Background technology
Nano material is with a wide range of applications at biomedical sector.One of them important use be exactly its as carrier, conduct drugs to specific organ-tissue in the human body, thereby play the effect of targeted therapy.The nano material that is used for medicine-carried system must have excellent biological compatibility and lower bio-toxicity, and stable under physiological condition, does not assemble.These requirements generally realize by the nano-material surface modification.At present, surface modification comparatively commonly used is to carry out polyethyleneglycol modified to nano-material surface.The biocompatibility of the nano material of Huo Deing and the stability under the physiological condition all are significantly increased like this.But there are some shortcomings in this method, promptly polyethyleneglycol modified dose cost an arm and a leg, and the preparation cost of nano material is very high, if be applied to clinically, will certainly bring very big financial burden to the consumer.

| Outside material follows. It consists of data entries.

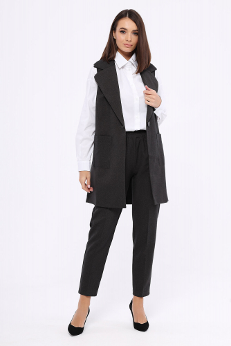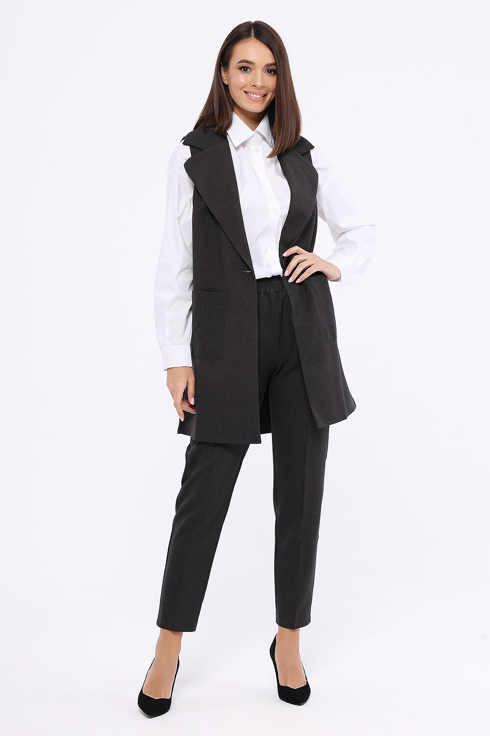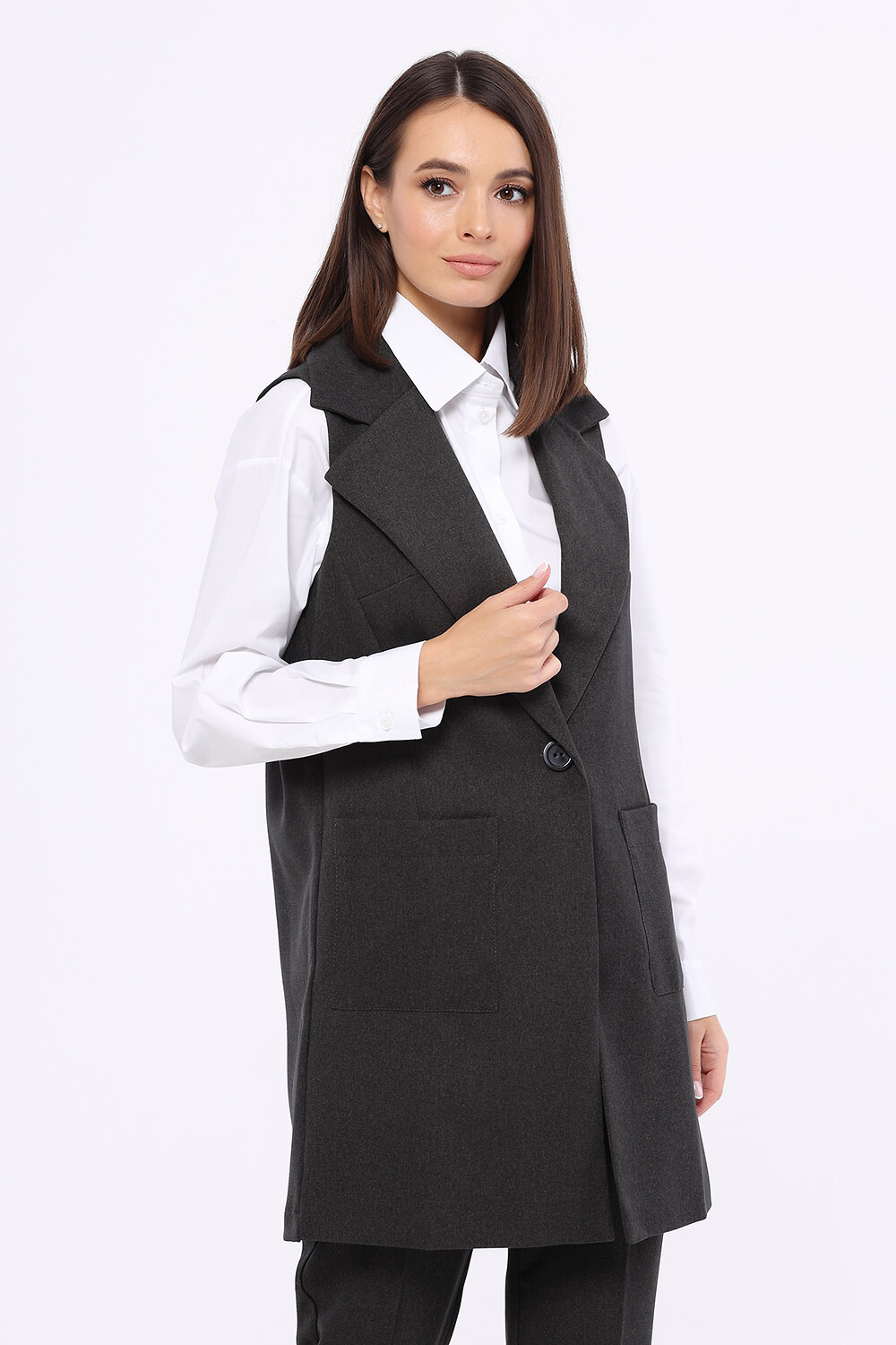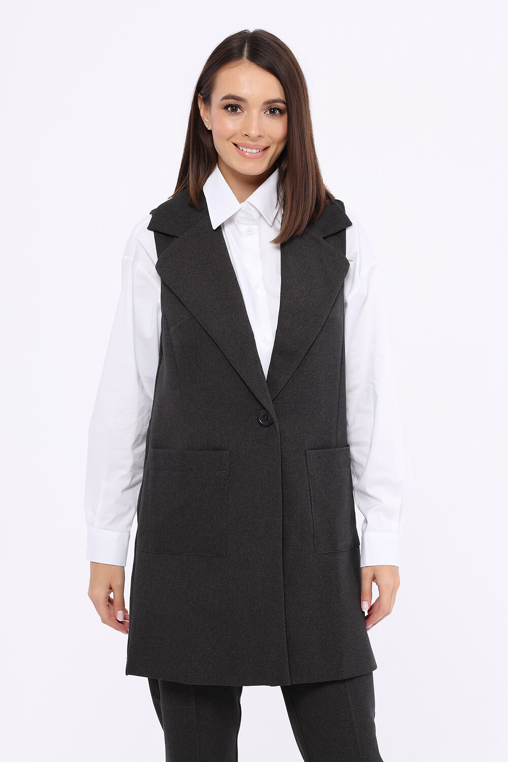 Удлинённый жакет без рукавов.Жакет прямого кроя без рукавов найдёт своё место в гардеробе современной девушки. Классический фасон с отложным воротником дополнит как строгий, так и повседневный образы. На передней части жакета расположены два накладных кармана.V-образный вырез. Отделка горловины - воротник.Воротник отложной. Без рукава. Вид застёжки - пуговицы. Крой прямой. Карманы накладные. Рекомендована стирка при температуре не более 30С.Жакет с отложным воротником идеально сочетается с укороченными брюками на резинке из нашей коллекции, которые выполнены из идентичного материала. Создай свой деловой образ, дополнив жакет брюками, блузкой с длинным рукавом и закрытой обувью. Или заверши городской образ, поддев под жакет футболку, худи или свитер оверсайз, удобные брюки или джинсы и обувь на низком ходу.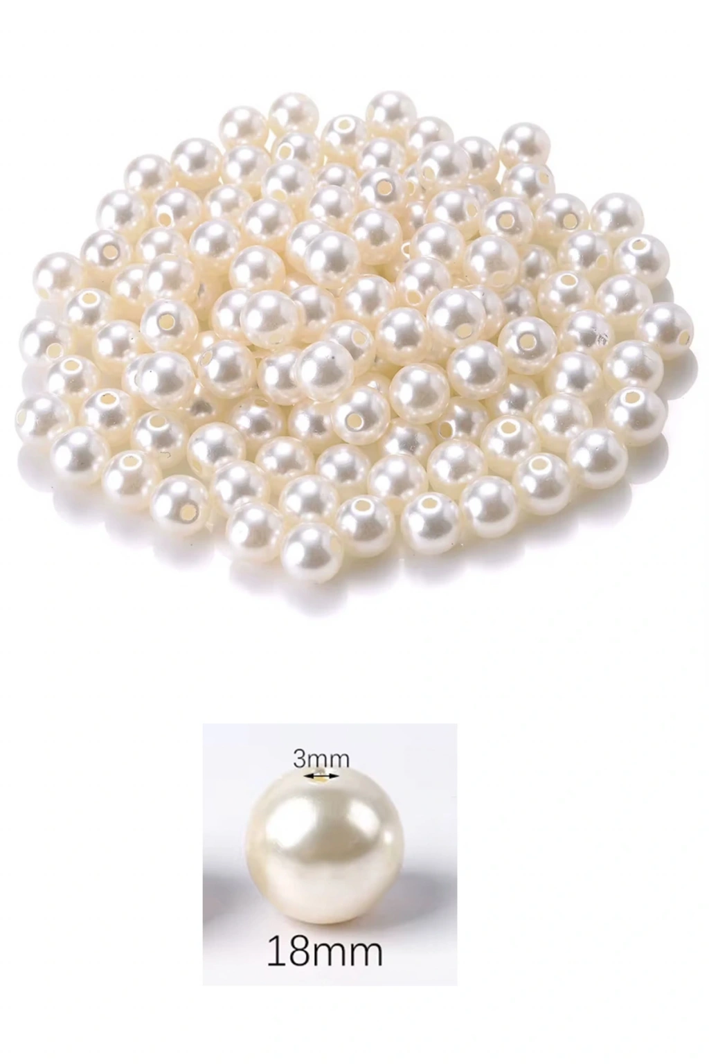 1.000 gram (1 kg.) 18mm Krem Renk Plastik İnci Boncuk Çanta ve Takı Yapım Boncuğu (~220 adet)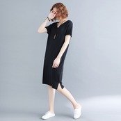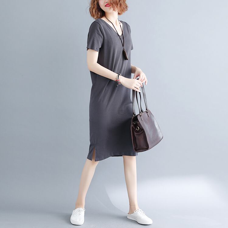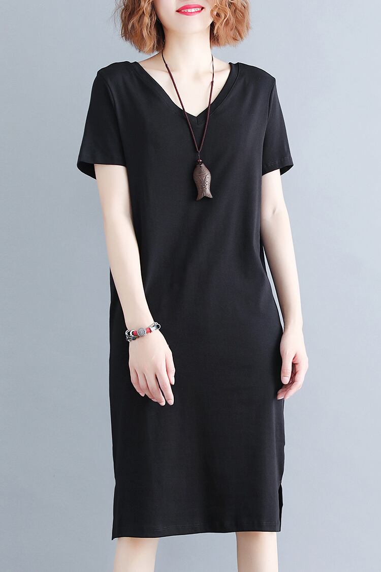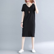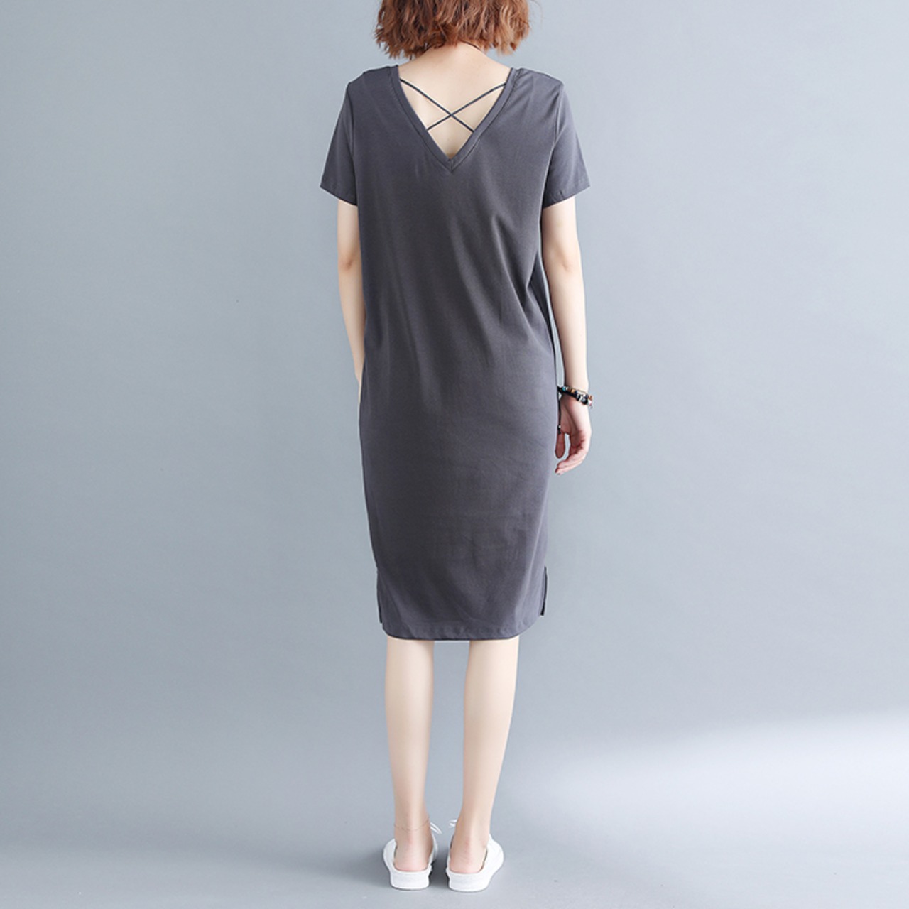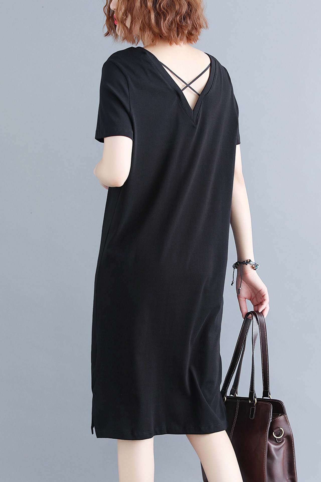 ワンピース ビッグT 膝丈 ひざ丈 膝上 膝下 袖あり 半袖 Vネック スリム ストレート Iライン バックシャン バックコンシャス きれいめ シンプル カジュアル 大人 上品 おしゃれ お洒落 かっこいい 大人女子 こなれ感 ラフ とろみ感 抜け感 無地 春 夏 秋 2022 2023 10代 20代 30代 40代 50代 60代 レディース 女性用 お出かけ 休日 楽ちん XL 2XL 3XL 4XL ゆったり 黒 ブラック 灰色 グレー ピンク

Graphene oxide is a kind of a kind of carbonaceous new material by the tightly packed one-tenth bi-dimensional cellular of monolayer carbon atom shape lattice structure, and it can utilize commercially available block graphite to make under oxidation and ultrasonic condition.Zhi Bei graphene oxide has multiple oxy radical like this, and as carboxyl, hydroxyl, epoxy radicals etc., these hydrophilic radicals make the graphene oxide can be water-soluble, and have certain stability.By further modification, can obtain the better graphene oxide of water stability (Si Y and Samulski ET.Nano Lett., 2008,8 (6): 1679-1682).But above-mentioned graphene oxide is still relatively poor in the solution such as the stability in phosphate buffer or the cell culture medium of saliferous.Polyethyleneglycol modified report (Sun X, Liu Z, the Welsher K that obtains graphene oxide stable under the physiological condition by branch-like arranged on the document, Robinson JT, Goodwin A, Zaric S, and Dai H.Nano Res, 2008,1:203-212; Liu A, Robinson JT, Sun X, and Dai H.JAm Chem Soc, 2008,130 (33): 10876-10877).But this method cost is higher, and output is lower.Limited research and the application of Graphene in fields such as biomedicines.
Summary of the invention
For improving the stability of nano graphene oxide under physiological condition, and low-cost volume production is required to satisfy its further investigation in fields such as biological medicines, the objective of the invention is to design a kind of under physiological condition the stabilized nano graphene oxide, and provide the preparation method of this nano graphene oxide.
The technical scheme that realizes first purpose of the present invention is: stabilized nano graphene oxide under the physiological condition, it is characterized in that: this nano graphene oxide also contains acetate functional group and two kinds of hydrophilic radicals of sulfonic acid functional group by further chemical modification on original finished product basis.
Further, stabilized nano graphene oxide under the aforesaid physiological condition, its length and width are all between 20nm-100nm, and its thickness is between 1nm-2nm.In addition, by modifying carboxyl functional group and sulfonic acid functional group, make the Z electromotive force of this nano graphene oxide can reach-116mV.
The technical scheme that realizes second purpose of the present invention is:
The preparation method of stabilized nano graphene oxide under the physiological condition, adopt the Hummer method with the crystalline flake graphite oxidation, then adopt ultrasonic method that the graphene oxide sheet is peeled off, adopt the ultrasonic method of probe to be broken into nanoscale to the graphene oxide sheet again, it is characterized in that: above-mentioned nano level graphene oxide is carried out acetoxylation with the water-bath ultrasonic method modify introducing acidic group functional group, more described graphene oxide is carried out the benzene sulfonic acid modified edge and introduce sulfonic group.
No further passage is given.